2023-12-08 16:28:11.597 PST
panic({0x1264220?, 0x2786ff0?})
2023-12-08 16:28:11.597 PST
runtime/panic.go:914 +0x21f
2023-12-08 16:28:11.597 PST
github.com/apache/beam/sdks/v2/go/pkg/beam/core/runtime/exec.(*DataSampler).getAllSamples(0x0)
2023-12-08 16:28:11.597 PST
github.com/apache/beam/sdks/v2/go/pkg/beam/core/runtime/exec/datasampler.go:79 +0x4b
2023-12-08 16:28:11.597 PST
github.com/apache/beam/sdks/v2/go/pkg/beam/core/runtime/exec.(*DataSampler).GetSamples(0x1312c00?, {0x0?, 0xc000234480?, 0xc00053b508?})

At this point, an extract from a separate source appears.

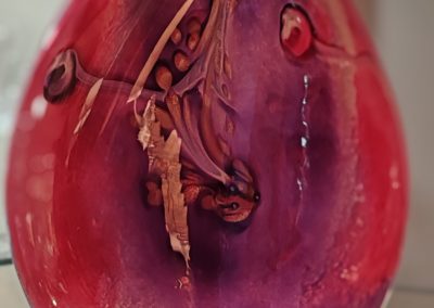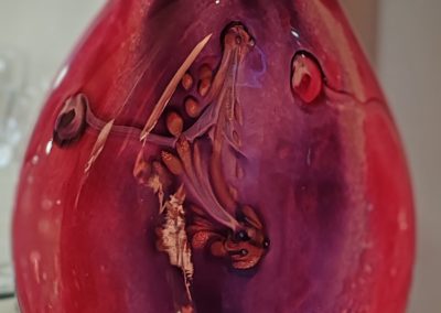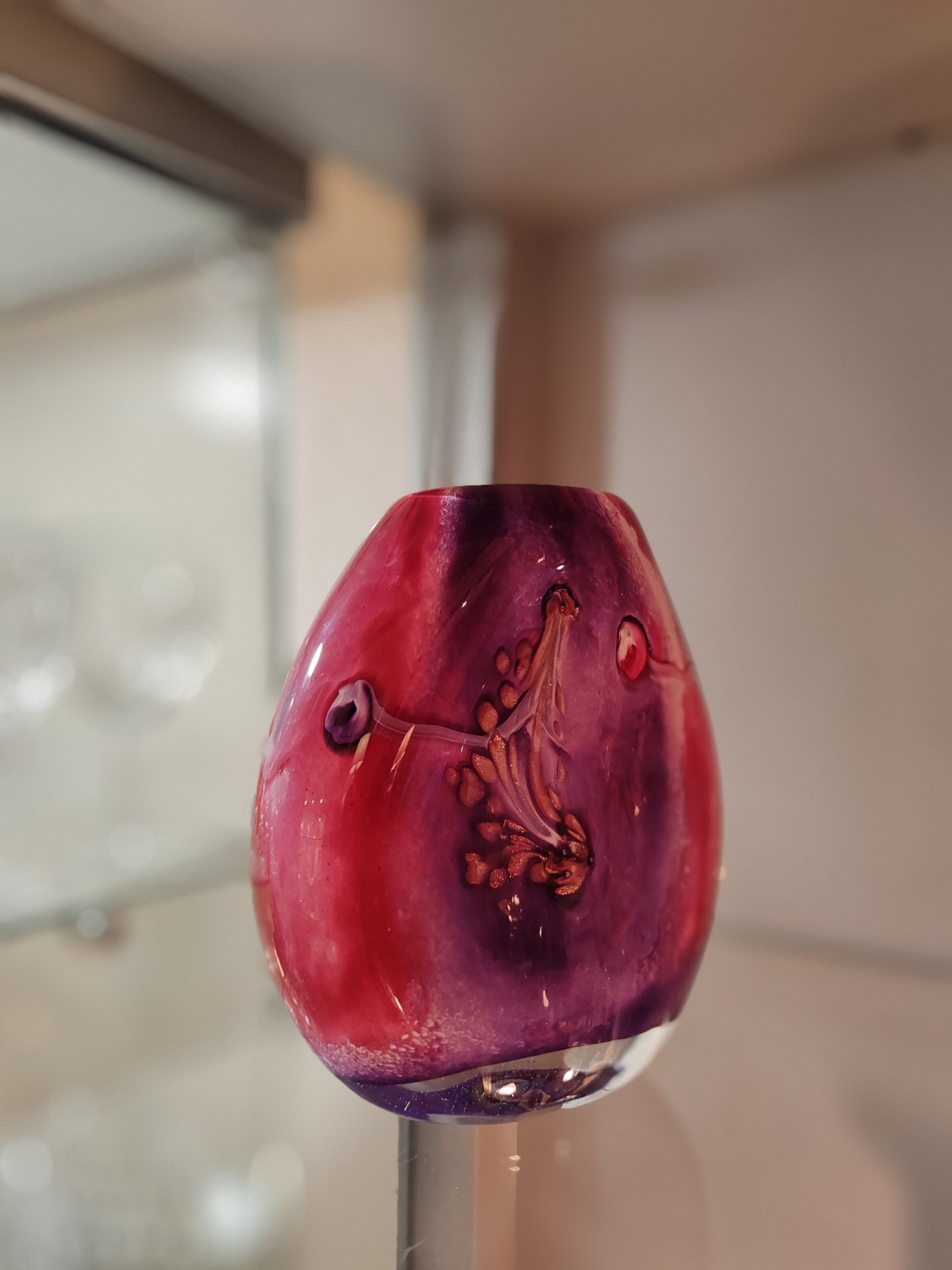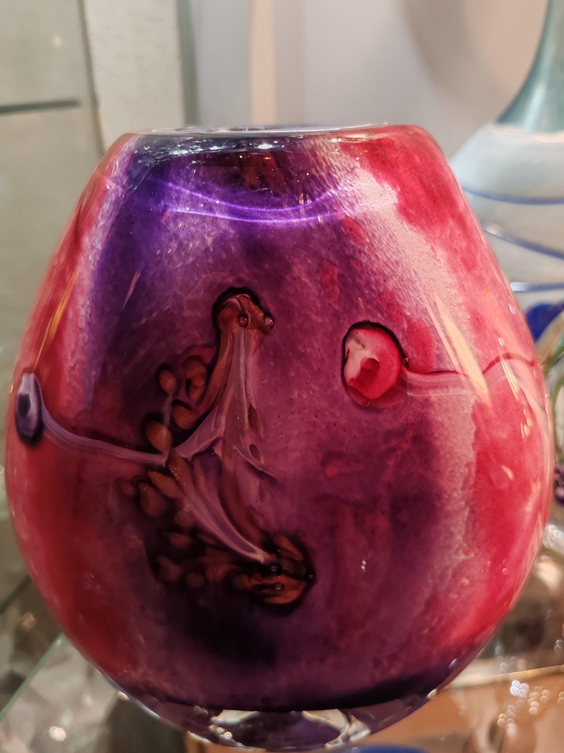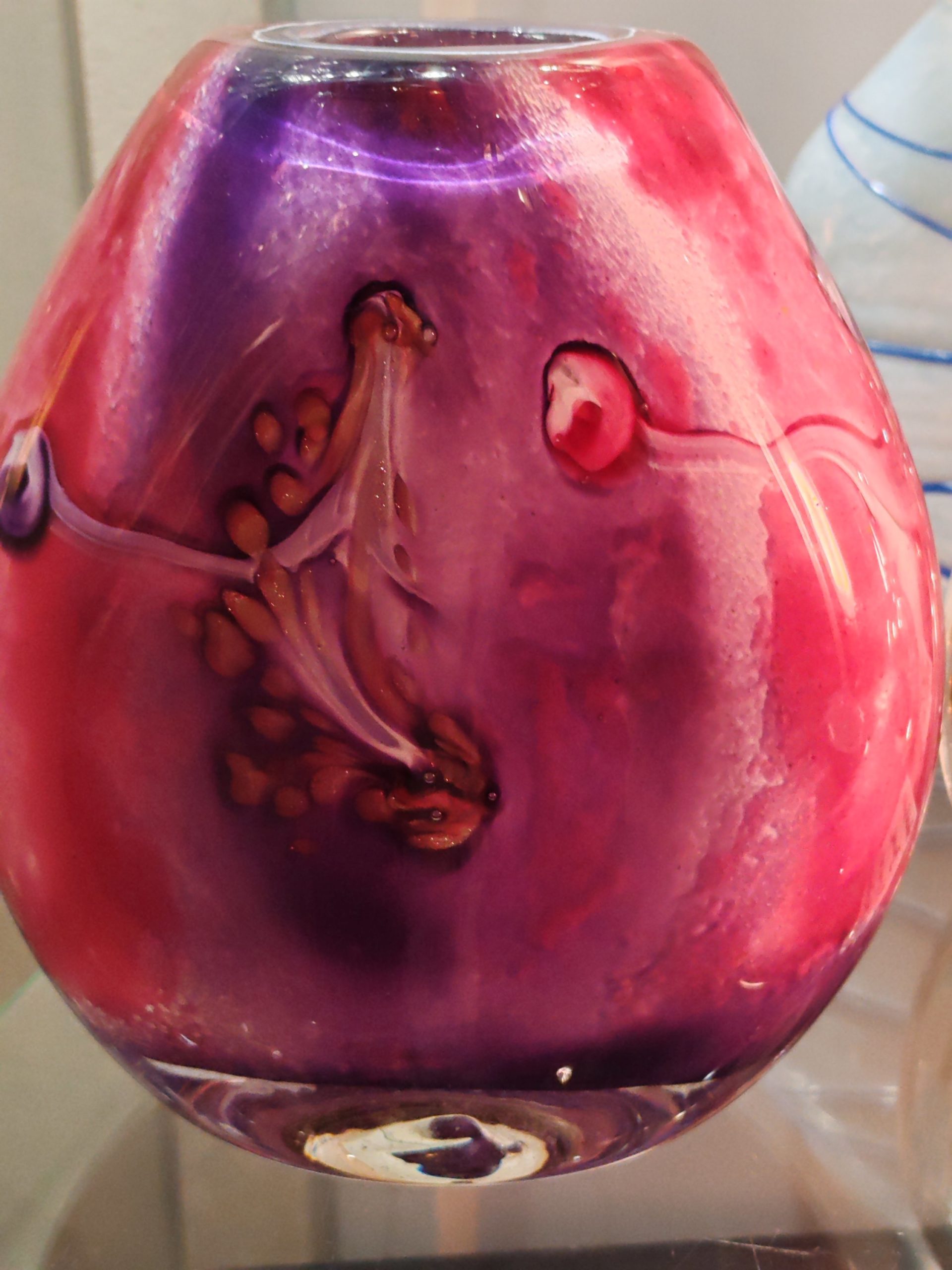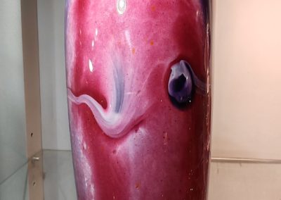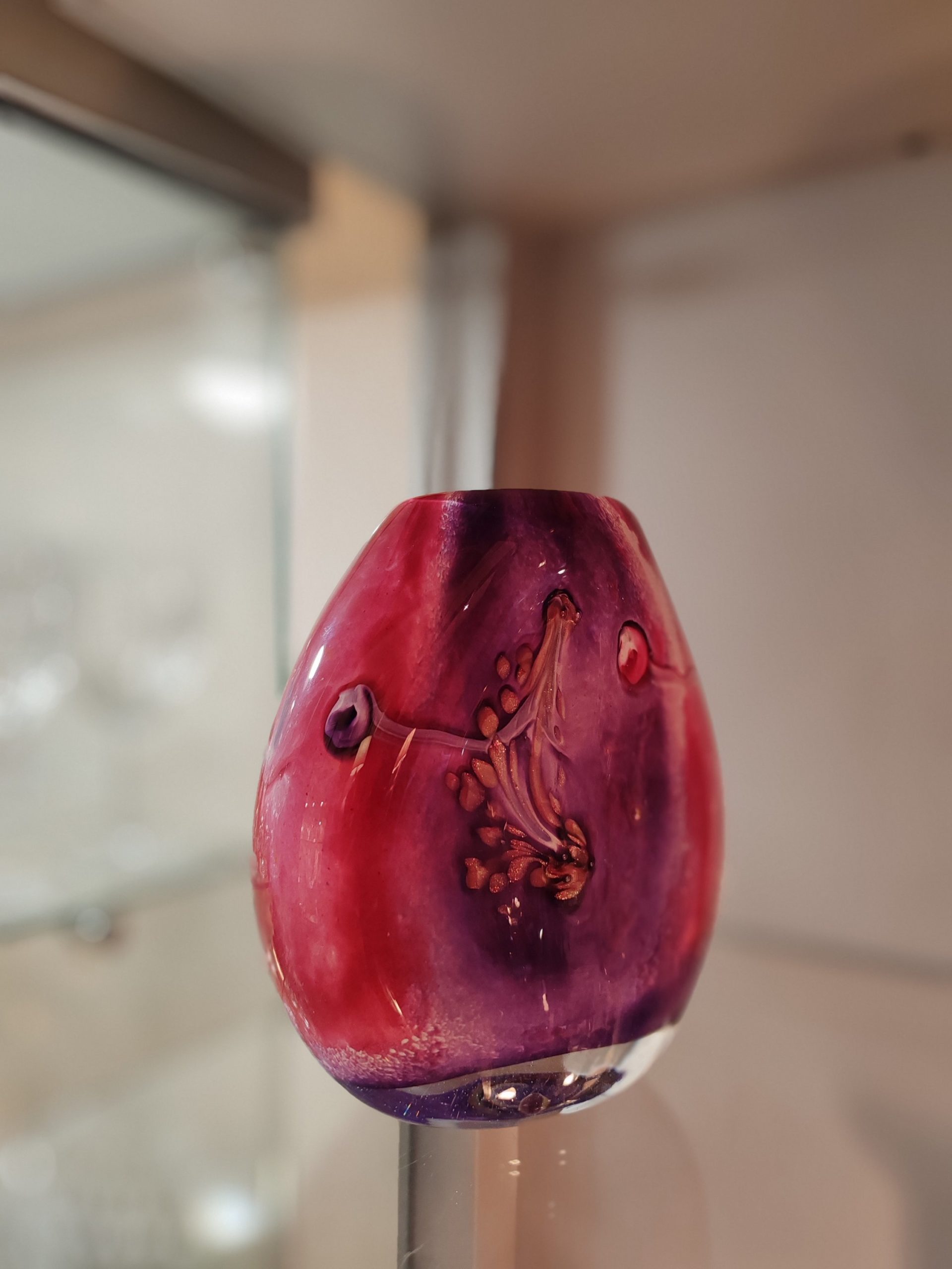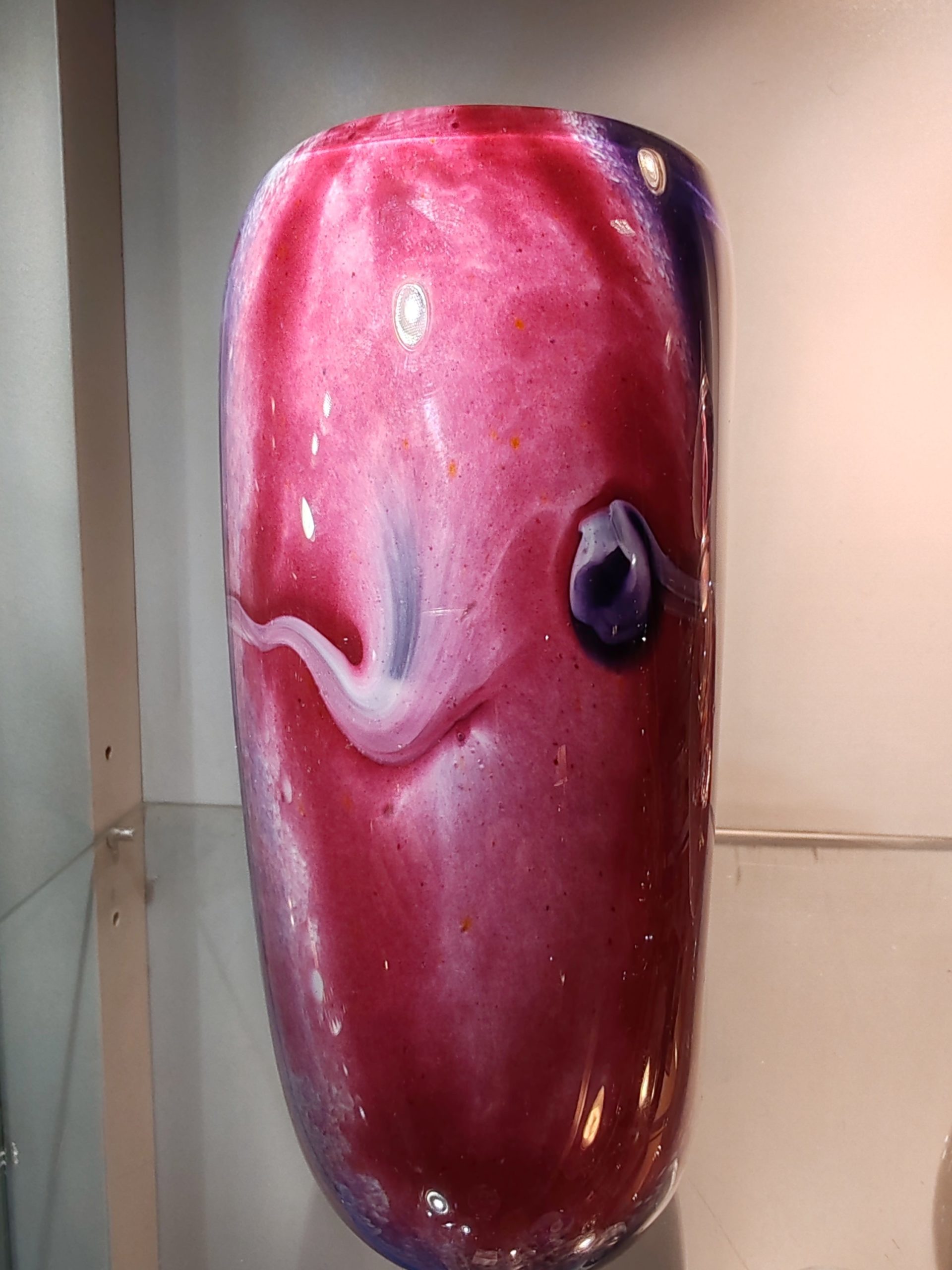 Verre soufflé bouche en forme de Vase. Sculpture d’Art pour décoration. Design exclusif, confection de qualité supérieure, forme originale et couleur flamboyante créé par le Maître Verrier Jean-Luc GAMBIER.

2023-12-08 16:28:11.597 PST
github.com/apache/beam/sdks/v2/go/pkg/beam/core/runtime/exec/datasampler.go:62 +0x1d
2023-12-08 16:28:11.597 PST
github.com/apache/beam/sdks/v2/go/pkg/beam/core/runtime/harness.(*control).handleInstruction(0xc000318000, {0x180beb0?, 0xc000091c80?}, 0xc000147ef0)
2023-12-08 16:28:11.597 PST
github.com/apache/beam/sdks/v2/go/pkg/beam/core/runtime/harness/harness.go:668 +0x116f
2023-12-08 16:28:11.597 PST
github.com/apache/beam/sdks/v2/go/pkg/beam/core/runtime/harness.MainWithOptions.func4({0x180beb0?, 0xc000091c80?}, 0xc000091c80?)
2023-12-08 16:28:11.597 PST
github.com/apache/beam/sdks/v2/go/pkg/beam/core/runtime/harness/harness.go:202 +0x74
2023-12-08 16:28:11.597 PST
github.com/apache/beam/sdks/v2/go/pkg/beam/core/runtime/harness.MainWithOptions({0x180beb0, 0xc000091c20}, {0x7fffd16304e4, 0xf}, {0x7fffd1630507, 0xf}, {{0xc000225e70, 0x1, 0x1}, {0xc000046010, ...}})
2023-12-08 16:28:11.597 PST
github.com/apache/beam/sdks/v2/go/pkg/beam/core/runtime/harness/harness.go:222 +0x1022
2023-12-08 16:28:11.597 PST
github.com/apache/beam/sdks/v2/go/pkg/beam/core/runtime/harness/init.hook()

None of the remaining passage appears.